_ENTRIES PROVIDED_:
^^^^^^^^^^^^^^^^

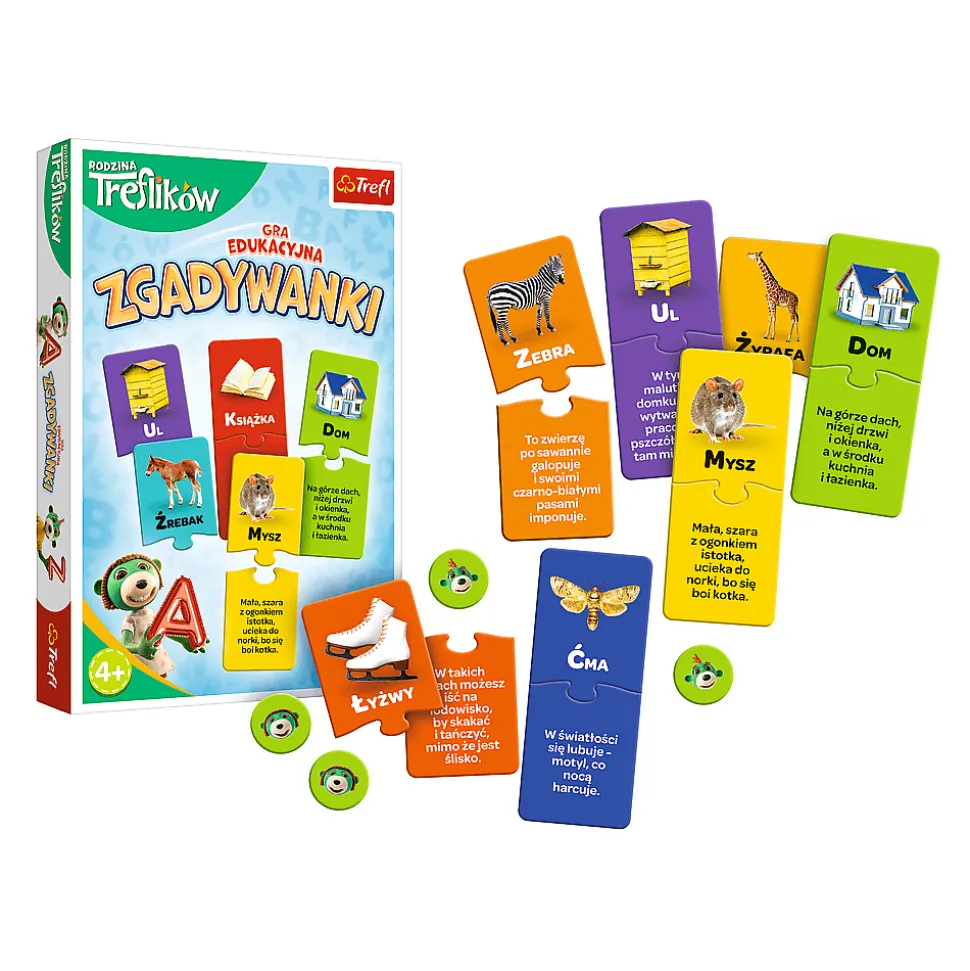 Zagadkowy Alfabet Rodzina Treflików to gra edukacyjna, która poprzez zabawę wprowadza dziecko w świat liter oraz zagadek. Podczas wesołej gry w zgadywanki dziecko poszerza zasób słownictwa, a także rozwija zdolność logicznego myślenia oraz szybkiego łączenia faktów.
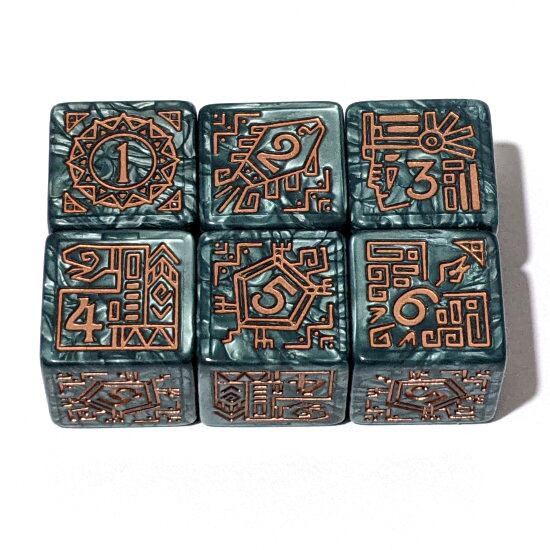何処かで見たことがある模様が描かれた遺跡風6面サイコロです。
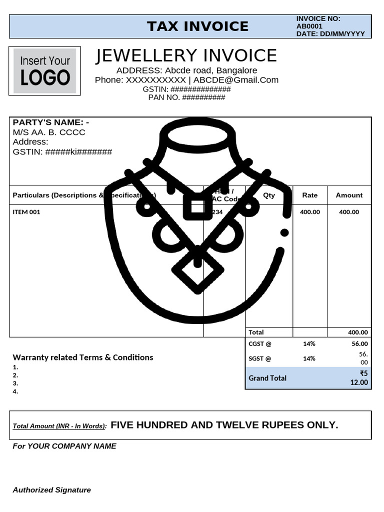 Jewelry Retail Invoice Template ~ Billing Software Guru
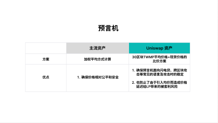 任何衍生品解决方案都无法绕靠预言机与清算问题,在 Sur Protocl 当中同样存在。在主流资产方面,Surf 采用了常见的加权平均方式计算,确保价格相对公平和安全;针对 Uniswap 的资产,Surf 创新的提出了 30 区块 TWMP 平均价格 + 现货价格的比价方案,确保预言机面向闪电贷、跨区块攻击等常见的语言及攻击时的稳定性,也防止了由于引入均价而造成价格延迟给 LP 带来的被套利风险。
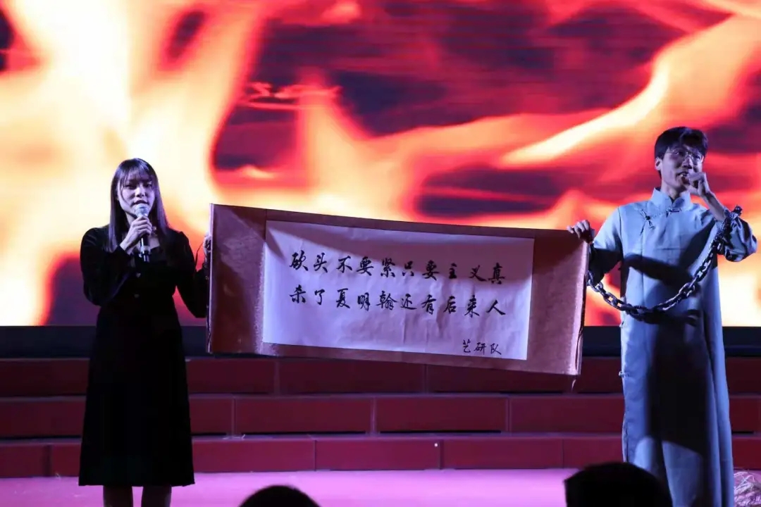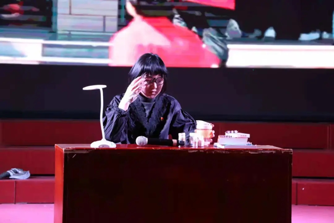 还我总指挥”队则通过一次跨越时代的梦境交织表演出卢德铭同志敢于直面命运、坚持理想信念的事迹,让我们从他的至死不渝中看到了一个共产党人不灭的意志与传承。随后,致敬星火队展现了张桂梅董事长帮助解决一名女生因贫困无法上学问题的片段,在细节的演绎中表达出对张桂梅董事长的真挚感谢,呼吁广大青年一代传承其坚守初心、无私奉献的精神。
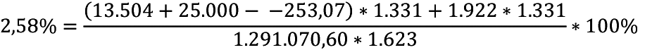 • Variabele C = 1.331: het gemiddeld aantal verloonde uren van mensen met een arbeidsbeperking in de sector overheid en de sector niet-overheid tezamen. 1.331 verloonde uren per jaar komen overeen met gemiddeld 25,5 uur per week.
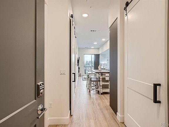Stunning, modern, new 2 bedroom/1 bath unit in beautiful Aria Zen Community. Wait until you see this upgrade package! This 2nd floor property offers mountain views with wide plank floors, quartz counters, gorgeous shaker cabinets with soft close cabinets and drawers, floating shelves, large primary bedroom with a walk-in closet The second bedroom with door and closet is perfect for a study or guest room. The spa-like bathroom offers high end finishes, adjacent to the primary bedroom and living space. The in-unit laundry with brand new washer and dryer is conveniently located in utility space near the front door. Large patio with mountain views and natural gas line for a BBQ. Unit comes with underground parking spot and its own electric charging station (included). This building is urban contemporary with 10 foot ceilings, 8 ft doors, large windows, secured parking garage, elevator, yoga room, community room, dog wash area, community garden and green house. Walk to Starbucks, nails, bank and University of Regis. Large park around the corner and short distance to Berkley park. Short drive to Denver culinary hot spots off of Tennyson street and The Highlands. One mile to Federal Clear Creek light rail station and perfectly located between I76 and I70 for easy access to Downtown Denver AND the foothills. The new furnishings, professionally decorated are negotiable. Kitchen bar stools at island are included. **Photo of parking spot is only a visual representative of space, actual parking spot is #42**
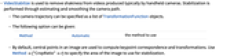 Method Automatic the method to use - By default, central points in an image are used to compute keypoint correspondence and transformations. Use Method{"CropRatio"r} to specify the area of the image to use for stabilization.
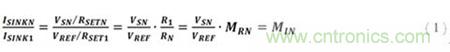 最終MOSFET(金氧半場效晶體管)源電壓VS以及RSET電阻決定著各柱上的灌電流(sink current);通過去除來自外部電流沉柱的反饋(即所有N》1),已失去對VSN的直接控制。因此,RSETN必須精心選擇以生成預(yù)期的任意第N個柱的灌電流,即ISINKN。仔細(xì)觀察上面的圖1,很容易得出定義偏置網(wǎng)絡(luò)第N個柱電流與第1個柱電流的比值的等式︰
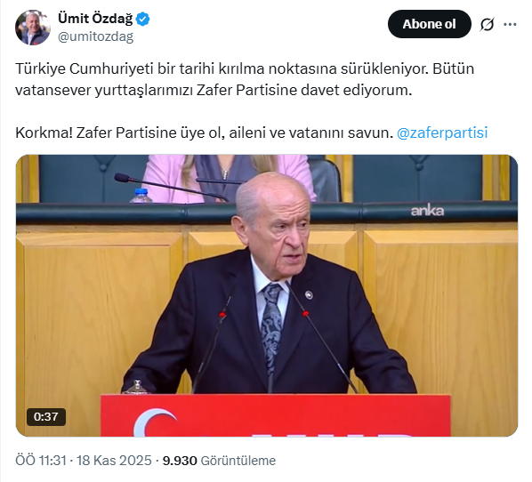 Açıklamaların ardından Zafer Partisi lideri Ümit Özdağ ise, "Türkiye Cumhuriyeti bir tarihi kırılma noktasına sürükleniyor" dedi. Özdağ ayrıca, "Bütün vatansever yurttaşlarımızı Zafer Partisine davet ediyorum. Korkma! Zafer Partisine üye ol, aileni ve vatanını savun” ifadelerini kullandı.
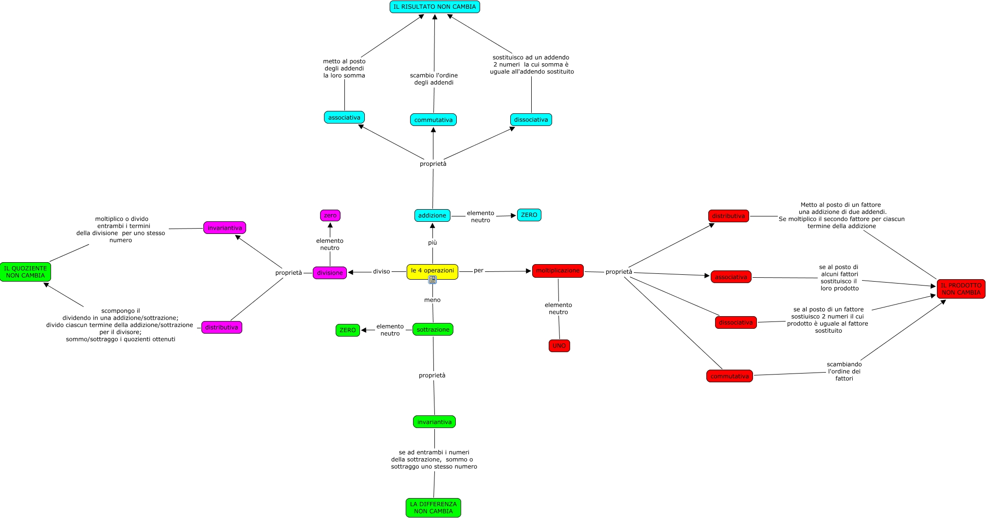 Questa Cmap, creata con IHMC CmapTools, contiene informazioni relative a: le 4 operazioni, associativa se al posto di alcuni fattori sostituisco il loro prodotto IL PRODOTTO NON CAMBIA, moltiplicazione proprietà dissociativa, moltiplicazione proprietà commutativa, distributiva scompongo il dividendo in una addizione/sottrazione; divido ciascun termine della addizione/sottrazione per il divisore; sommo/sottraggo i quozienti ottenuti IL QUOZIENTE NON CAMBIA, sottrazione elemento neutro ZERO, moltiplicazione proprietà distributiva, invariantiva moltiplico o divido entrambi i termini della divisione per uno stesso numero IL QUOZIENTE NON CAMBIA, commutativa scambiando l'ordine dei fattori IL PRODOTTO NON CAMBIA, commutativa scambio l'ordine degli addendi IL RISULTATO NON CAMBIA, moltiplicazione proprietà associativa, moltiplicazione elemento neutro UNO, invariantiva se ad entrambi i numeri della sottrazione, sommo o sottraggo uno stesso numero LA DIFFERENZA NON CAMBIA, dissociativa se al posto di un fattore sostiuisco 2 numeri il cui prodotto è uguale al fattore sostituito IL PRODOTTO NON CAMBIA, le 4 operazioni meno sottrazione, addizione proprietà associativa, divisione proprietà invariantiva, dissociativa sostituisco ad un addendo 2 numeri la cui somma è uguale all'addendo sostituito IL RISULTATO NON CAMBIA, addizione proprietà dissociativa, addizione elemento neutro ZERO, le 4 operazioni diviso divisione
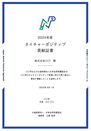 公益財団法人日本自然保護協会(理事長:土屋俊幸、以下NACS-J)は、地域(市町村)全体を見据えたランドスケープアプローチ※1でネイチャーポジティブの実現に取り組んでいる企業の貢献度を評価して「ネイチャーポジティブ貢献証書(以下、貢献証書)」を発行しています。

^^^^^^^^^^^^^^^^

_HOW TO COMPLETE THIS TASK_:
The records above must be printed exactly, but the pictures they hold should be omitted.

_ANSWER AREA_:
 Zagadkowy Alfabet Rodzina Treflików to gra edukacyjna, która poprzez zabawę wprowadza dziecko w świat liter oraz zagadek. Podczas wesołej gry w zgadywanki dziecko poszerza zasób słownictwa, a także rozwija zdolność logicznego myślenia oraz szybkiego łączenia faktów.
何処かで見たことがある模様が描かれた遺跡風6面サイコロです。
 Jewelry Retail Invoice Template ~ Billing Software Guru
 任何衍生品解决方案都无法绕靠预言机与清算问题,在 Sur Protocl 当中同样存在。在主流资产方面,Surf 采用了常见的加权平均方式计算,确保价格相对公平和安全;针对 Uniswap 的资产,Surf 创新的提出了 30 区块 TWMP 平均价格 + 现货价格的比价方案,确保预言机面向闪电贷、跨区块攻击等常见的语言及攻击时的稳定性,也防止了由于引入均价而造成价格延迟给 LP 带来的被套利风险。
 还我总指挥”队则通过一次跨越时代的梦境交织表演出卢德铭同志敢于直面命运、坚持理想信念的事迹,让我们从他的至死不渝中看到了一个共产党人不灭的意志与传承。随后,致敬星火队展现了张桂梅董事长帮助解决一名女生因贫困无法上学问题的片段,在细节的演绎中表达出对张桂梅董事长的真挚感谢,呼吁广大青年一代传承其坚守初心、无私奉献的精神。
 • Variabele C = 1.331: het gemiddeld aantal verloonde uren van mensen met een arbeidsbeperking in de sector overheid en de sector niet-overheid tezamen. 1.331 verloonde uren per jaar komen overeen met gemiddeld 25,5 uur per week.
Stunning, modern, new 2 bedroom/1 bath unit in beautiful Aria Zen Community. Wait until you see this upgrade package! This 2nd floor property offers mountain views with wide plank floors, quartz counters, gorgeous shaker cabinets with soft close cabinets and drawers, floating shelves, large primary bedroom with a walk-in closet The second bedroom with door and closet is perfect for a study or guest room. The spa-like bathroom offers high end finishes, adjacent to the primary bedroom and living space. The in-unit laundry with brand new washer and dryer is conveniently located in utility space near the front door. Large patio with mountain views and natural gas line for a BBQ. Unit comes with underground parking spot and its own electric charging station (included). This building is urban contemporary with 10 foot ceilings, 8 ft doors, large windows, secured parking garage, elevator, yoga room, community room, dog wash area, community garden and green house. Walk to Starbucks, nails, bank and University of Regis. Large park around the corner and short distance to Berkley park. Short drive to Denver culinary hot spots off of Tennyson street and The Highlands. One mile to Federal Clear Creek light rail station and perfectly located between I76 and I70 for easy access to Downtown Denver AND the foothills. The new furnishings, professionally decorated are negotiable. Kitchen bar stools at island are included. **Photo of parking spot is only a visual representative of space, actual parking spot is #42**
 Method Automatic the method to use - By default, central points in an image are used to compute keypoint correspondence and transformations. Use Method{"CropRatio"r} to specify the area of the image to use for stabilization.
 最終MOSFET(金氧半場效晶體管)源電壓VS以及RSET電阻決定著各柱上的灌電流(sink current);通過去除來自外部電流沉柱的反饋(即所有N》1),已失去對VSN的直接控制。因此,RSETN必須精心選擇以生成預(yù)期的任意第N個柱的灌電流,即ISINKN。仔細(xì)觀察上面的圖1,很容易得出定義偏置網(wǎng)絡(luò)第N個柱電流與第1個柱電流的比值的等式︰
 Açıklamaların ardından Zafer Partisi lideri Ümit Özdağ ise, "Türkiye Cumhuriyeti bir tarihi kırılma noktasına sürükleniyor" dedi. Özdağ ayrıca, "Bütün vatansever yurttaşlarımızı Zafer Partisine davet ediyorum. Korkma! Zafer Partisine üye ol, aileni ve vatanını savun” ifadelerini kullandı.
 Questa Cmap, creata con IHMC CmapTools, contiene informazioni relative a: le 4 operazioni, associativa se al posto di alcuni fattori sostituisco il loro prodotto IL PRODOTTO NON CAMBIA, moltiplicazione proprietà dissociativa, moltiplicazione proprietà commutativa, distributiva scompongo il dividendo in una addizione/sottrazione; divido ciascun termine della addizione/sottrazione per il divisore; sommo/sottraggo i quozienti ottenuti IL QUOZIENTE NON CAMBIA, sottrazione elemento neutro ZERO, moltiplicazione proprietà distributiva, invariantiva moltiplico o divido entrambi i termini della divisione per uno stesso numero IL QUOZIENTE NON CAMBIA, commutativa scambiando l'ordine dei fattori IL PRODOTTO NON CAMBIA, commutativa scambio l'ordine degli addendi IL RISULTATO NON CAMBIA, moltiplicazione proprietà associativa, moltiplicazione elemento neutro UNO, invariantiva se ad entrambi i numeri della sottrazione, sommo o sottraggo uno stesso numero LA DIFFERENZA NON CAMBIA, dissociativa se al posto di un fattore sostiuisco 2 numeri il cui prodotto è uguale al fattore sostituito IL PRODOTTO NON CAMBIA, le 4 operazioni meno sottrazione, addizione proprietà associativa, divisione proprietà invariantiva, dissociativa sostituisco ad un addendo 2 numeri la cui somma è uguale all'addendo sostituito IL RISULTATO NON CAMBIA, addizione proprietà dissociativa, addizione elemento neutro ZERO, le 4 operazioni diviso divisione
 公益財団法人日本自然保護協会(理事長:土屋俊幸、以下NACS-J)は、地域(市町村)全体を見据えたランドスケープアプローチ※1でネイチャーポジティブの実現に取り組んでいる企業の貢献度を評価して「ネイチャーポジティブ貢献証書(以下、貢献証書)」を発行しています。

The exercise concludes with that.